Critical Access Hospitals


0.4


4.0


3.6

Total All Hospitals
(Includes $1 million in payment to border hospitals, required under federal law.

$332.4

 

441.8

$109.4


The program will remain essentially the same in SFY 2015 (July 2014 – June 2015).  Beginning in 2016, the law begins a phase down where assessments and payments decrease by one fifth each year for five years. However, it is important to note that as a practical matter the phase down will only be in effect for two years because the program sunsets in 2017. If the program is continued beyond 2017, the phase down means that WSHA and hospitals will need to address the low payment rates for Medicaid dependent hospitals. 

Hospital payments for the new program are restructured.  Payments are no longer tied to Medicaid rates. Instead Medicaid rates are lowered to their 2009 levels and additional lump sum payments are made on a quarterly basis prior to the collection of assessments.  This new structure should provide greater predictability and certainty for all member hospitals about the cash flows and financial benefits of the program. 

The Law

Overview.  Development of the safety net assessment law, SB 5913, involved countless hours of drafting, negotiating, and amending. The stakes were very high, the program very complicated, and a multitude of perspectives were present in the process.

In general the law describes how hospitals are assessed and, after federal match is received, payments are made to hospitals. The details are complex, but very broadly:

  • PPS hospitals, including psychiatric and rehabilitation hospitals, are assessed quarterly and receive quarterly payments;
  • Critical access hospitals are assessed and receive payments, in a manner similar to the first version of the assessment program that sunset on June 30, 2013; and
  • The larger government hospitals, paid under the Certified Public Expenditure (CPE) program, receive grant funds from the state. 

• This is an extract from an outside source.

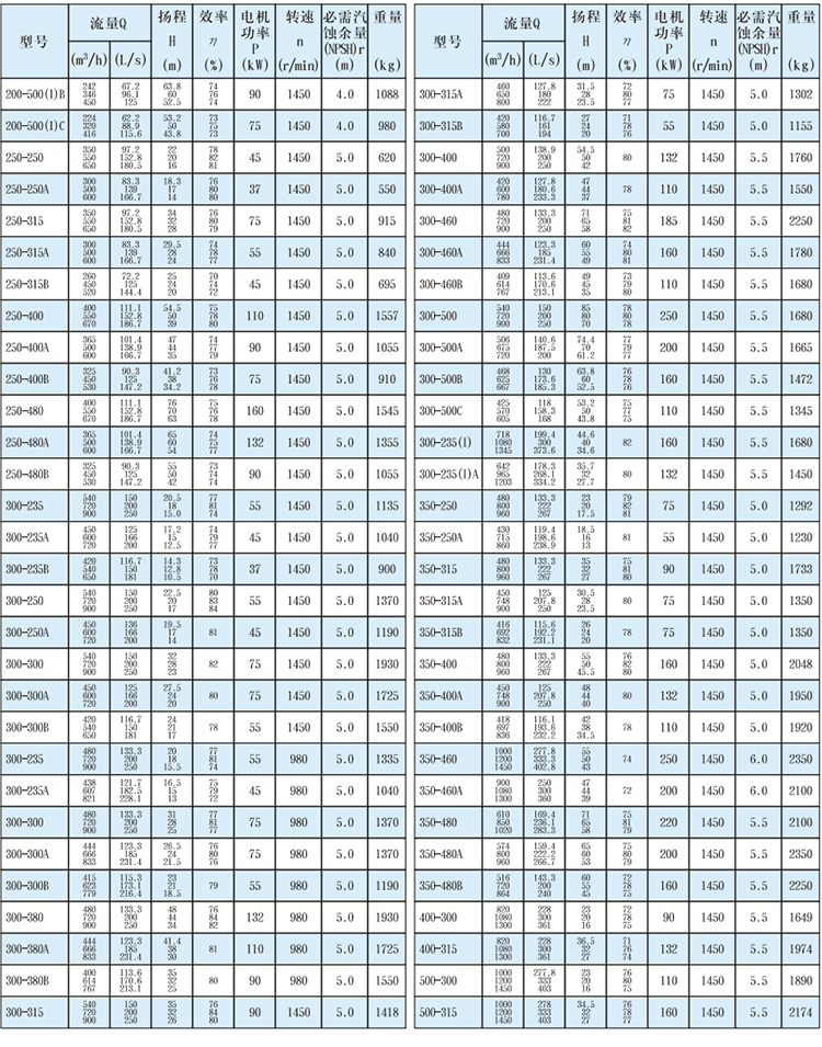 皖金泵閥不銹鋼臥式離心泵主要參數:
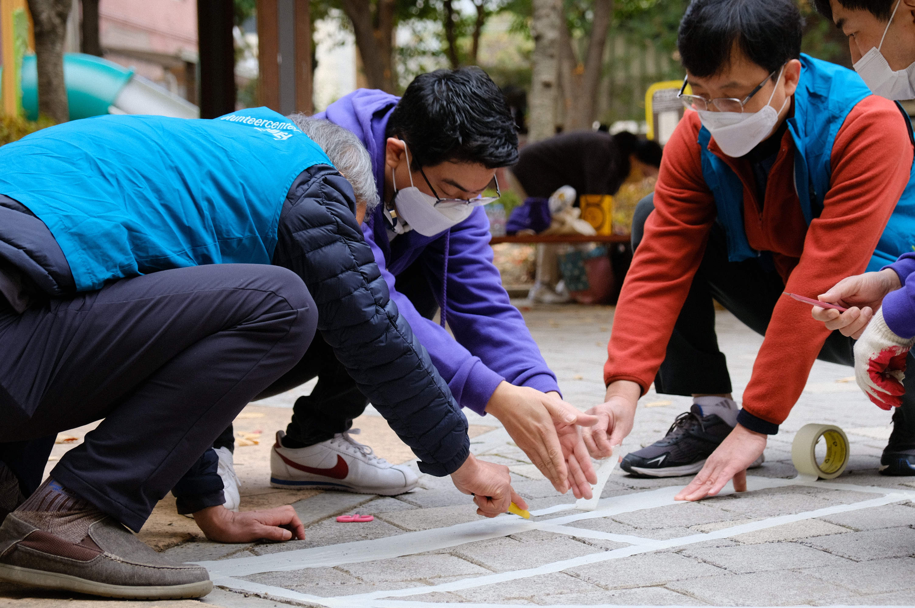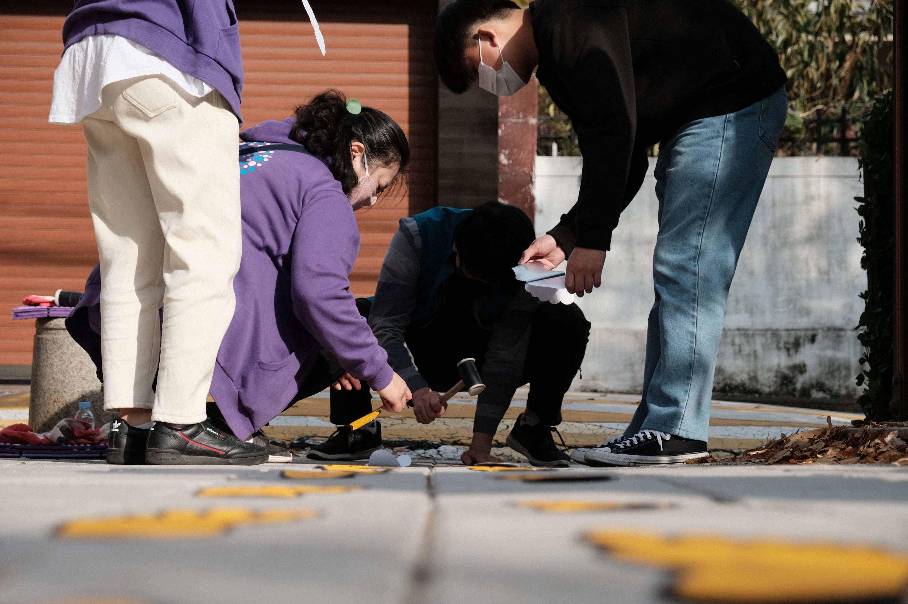활동 조는 안전대기선 및 발자국을 담당하는 A팀과 사방치기 그리기를 담당하는 B팀 두 조로 나뉘었는데요. 나뉘고 보니 A팀은 YB, B팀은 OB인 듯했습니다! YB가 힘써주는 통통 튀는 발자국 디자인과 망치질, OB가 힘써주는 사방치기 틀의 정교함을 볼 수 있었는데요. 조 조합과 각자의 역할이 너무 적절했습니다.

Legal Protections. The new law contains protections, as strong as any assessment program in the country, against a legislative raid. The protections include the same protections that form the basis of WSHA’s current lawsuit against the state for the legislative raid of the first safety net assessment. Additionally, the law includes contractual protections that will exist outside of the legislative arena. If the legislature were to change the law and reduce hospital payments, hospitals have an independent contract with HCA that entitles them to not pay any future assessments. 

The law instructs the state Health Care Authority (HCA) to offer hospitals a contract in which HCA agrees:

  • Not to reduce aggregate payment levels to hospitals for Medicaid inpatient and outpatient services: 
  • Not to reduce payments for the various classes of hospitals that receive payments under the law;
  • Not to increase the assessment levels from those set forth in the law; and
  • Not to use assessment revenues for any other purpose than to secure federal Medicaid matching funds to support Medicaid hospital payments.  


In return, hospitals agree not to sue the state under federal law for the rollback of rates to 2009 levels that occurred on July 1, 2013. Some hospitals have expressed concern about agreeing not to sue the state over these reductions.  It is important to note that hospitals are NOT giving up their right to sue over any inappropriate reductions in payment levels that occur in the future.   The only thing hospitals are giving up their right to sue over is the rate rollback to 2009 levels that occurred at the start of the program.  The rollback was a key provision in the shift from a rate-based payment increases to lump-sum payment increases.

For more details, including assessment rates, read WSHA's bulletin on this topic.  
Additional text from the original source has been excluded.